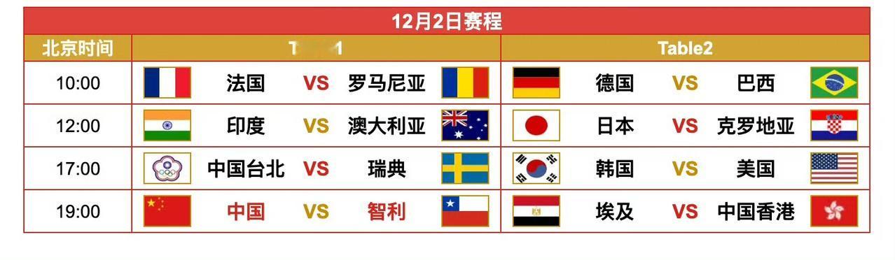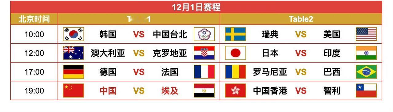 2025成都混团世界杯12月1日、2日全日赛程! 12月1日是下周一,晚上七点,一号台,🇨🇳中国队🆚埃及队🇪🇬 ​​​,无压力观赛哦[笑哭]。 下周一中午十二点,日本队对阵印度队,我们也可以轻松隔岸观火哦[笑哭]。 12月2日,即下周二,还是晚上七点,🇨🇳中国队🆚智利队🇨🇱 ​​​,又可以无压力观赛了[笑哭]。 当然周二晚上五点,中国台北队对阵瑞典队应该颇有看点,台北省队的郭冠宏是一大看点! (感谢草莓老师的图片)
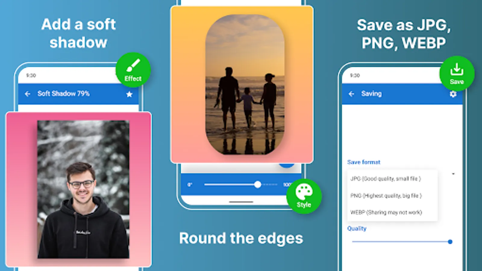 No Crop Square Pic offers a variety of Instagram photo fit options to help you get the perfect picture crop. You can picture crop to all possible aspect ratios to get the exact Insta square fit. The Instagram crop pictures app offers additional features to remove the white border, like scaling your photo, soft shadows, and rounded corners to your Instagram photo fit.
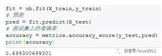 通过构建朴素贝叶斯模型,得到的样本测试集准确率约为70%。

WHAT THIS TASK INVOLVES:
Find the line containing "No Crop Square", then extract it and every line after it to the end of the data above, exactly and nothing else, without pictures.

ANSWER SECTION:
 No Crop Square Pic offers a variety of Instagram photo fit options to help you get the perfect picture crop. You can picture crop to all possible aspect ratios to get the exact Insta square fit. The Instagram crop pictures app offers additional features to remove the white border, like scaling your photo, soft shadows, and rounded corners to your Instagram photo fit.
 通过构建朴素贝叶斯模型,得到的样本测试集准确率约为70%。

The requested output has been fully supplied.